【インタビュー】
今年の6月、Flex 2とともにFlash Player 9がリリースされた。また、ActionScript 3.0をサポートする次期Flashオーサリングツールが、パブリックアルファ版の「Flash Professional 9 ActionScript 3.0 Preview」[*1]として公開されている。そうした時期に、米Adobe Systems(以下Adobe)のAdobe Flex テクニカル エバンジェリスト・Ted Patrick氏[*2]が来日した。

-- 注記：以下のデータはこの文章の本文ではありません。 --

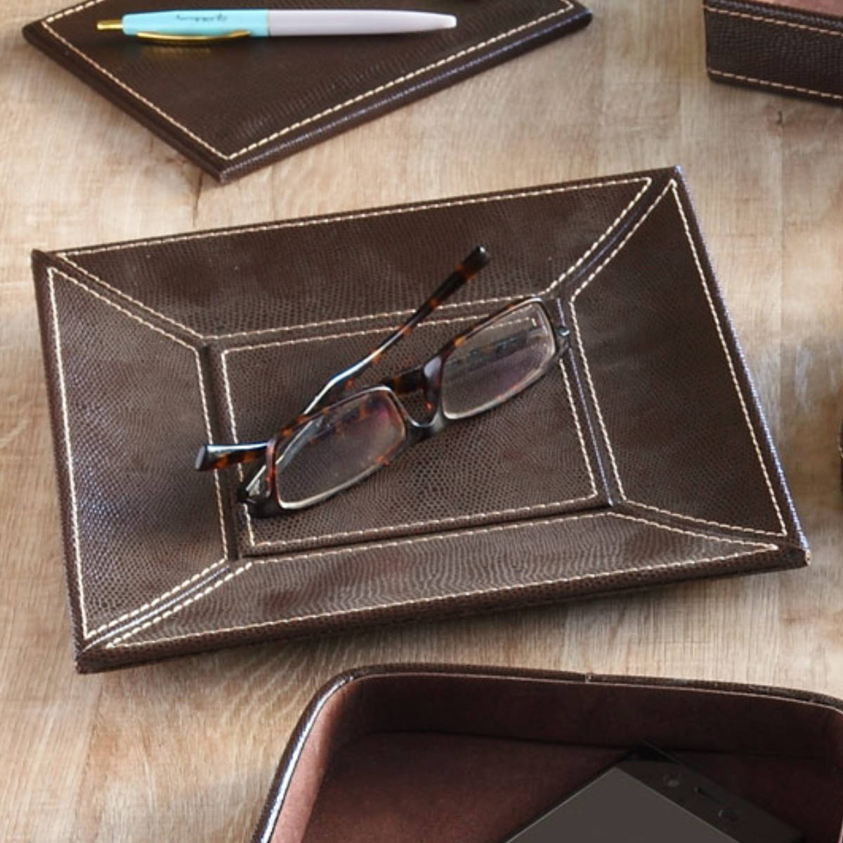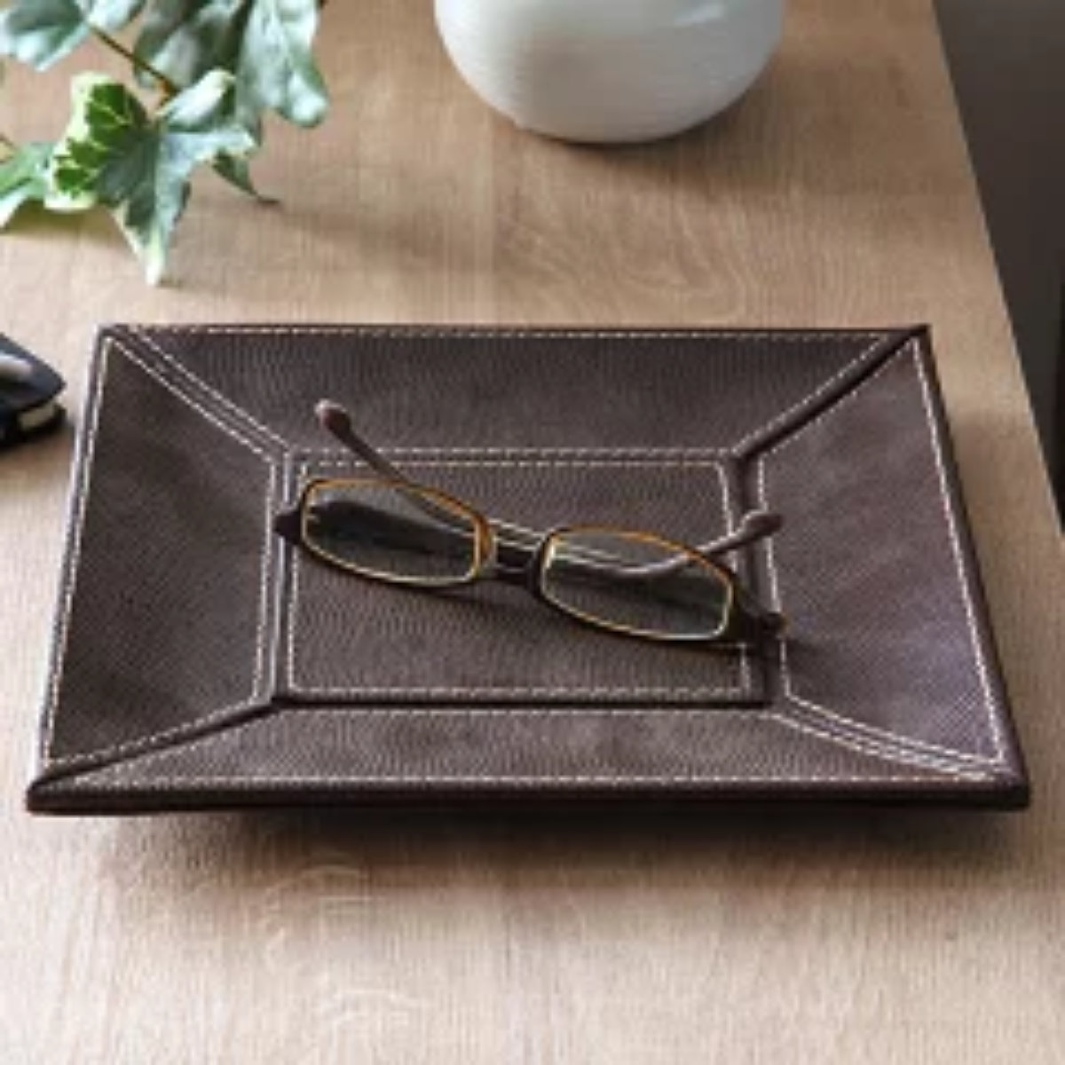 トレーの内側はステッチを施し、おしゃれでスタイリッシュなデザインです。傷や音を気にせず、安心して大切な小物を置けます。

本稿では、Patrick氏へのインタビューとadobe.comのWeb情報をもとに、ActionScript 3.0、FlexおよびApolloについてご紹介したい。
[*1] Flash Professional 9 ActionScript 3.0 Previewは、Adobe Labsからダウンロードできる。
[*2] Ted Patrick氏は、自身のブログ「Ted On Flex」を開設している。
まず、新しいFlash Player 9について尋ねた。
Patrick氏は、従来のFlash Playerは、スクリプトの処理については、漸進的な改善が加えられてきたという。そしてさらにFlash Player 9では、ActionScriptを解釈して実行する仮想マシン(Virtual Machine)が新たに開発された。それが、AVM2(ActionScript Virtual Machine 2)だ[*3]。
ActionScriptはパブリッシュすると、Flash Playerの処理するバイトコードと呼ばれる命令として、SWFに書き出される。氏によれば、AVM2はバイトコードをJIT(Just In Time)コンパイラ[*4]によって、ネイティブなマシンコードに変換する。そのため、処理速度も、ネイティブコードに匹敵するほど速くなるという。
またFlash Player 9は、従来のコンテンツを実行するAVM1を併せて搭載することにより、下位互換性も維持している。
[*3] Flash Player 9とAVM2については、「AdobeのFlash担当者に訊く - Flash Player 9とActionScript 3.0何が変わる?」参照 。
[*4] JIT(Just In Time)コンパイルについてはWikipedia「ジャストインタイムコンパイル方式」などを参照。
つぎに、ActionScript 3.0の特徴と利用する場合のポイントについて訊いた。
ActionScript 3.0は、AMV2上で動作する。構文はECMAScript 4に準拠するので、ActionScript 2.0と互換性はある。ただし、言語体系(開発API)は改訂され、より洗練されたオブジェクト指向言語になった。実行時のエラーも、確認できる。
Patrick氏は、MovieClipインスタンスを例に取って、 ActionScript 1.0/2.0と3.0との違いを説明した。ActionScript 1.0/2.0では、MovieClipは真のクラスインスタンスではなかったという。インスタンスの生成には、特別なメソッドが必要だ。
また、いったんタイムラインに作成したインスタンスの階層上の位置を、ダイナミックに移すことはできない。インスタンスの親を変えようとすると、新たなタイムラインに同じ内容のインスタンスを新たに作成するしかなかった。
それに対して、ActionScript 3.0では、クラスのすべてのエレメントが、真のクラスインスタンスになったということである。new演算子を使ったコンストラクタの呼び出しにより、MovieClipインスタンスも生成できる。
ステージ上にインスタンスを表示する際の階層構造は、タイムラインに替わってディスプレイリストが管理する。ディスプレイリストに追加されないインスタンスは、ステージ上にも表示されない。しかし、インスタンスそのものは、ディスプレイリストとは独立して存在している。したがって、表示上の親を替えるには、単にディスプレイリスト内の位置を移動すればよいという。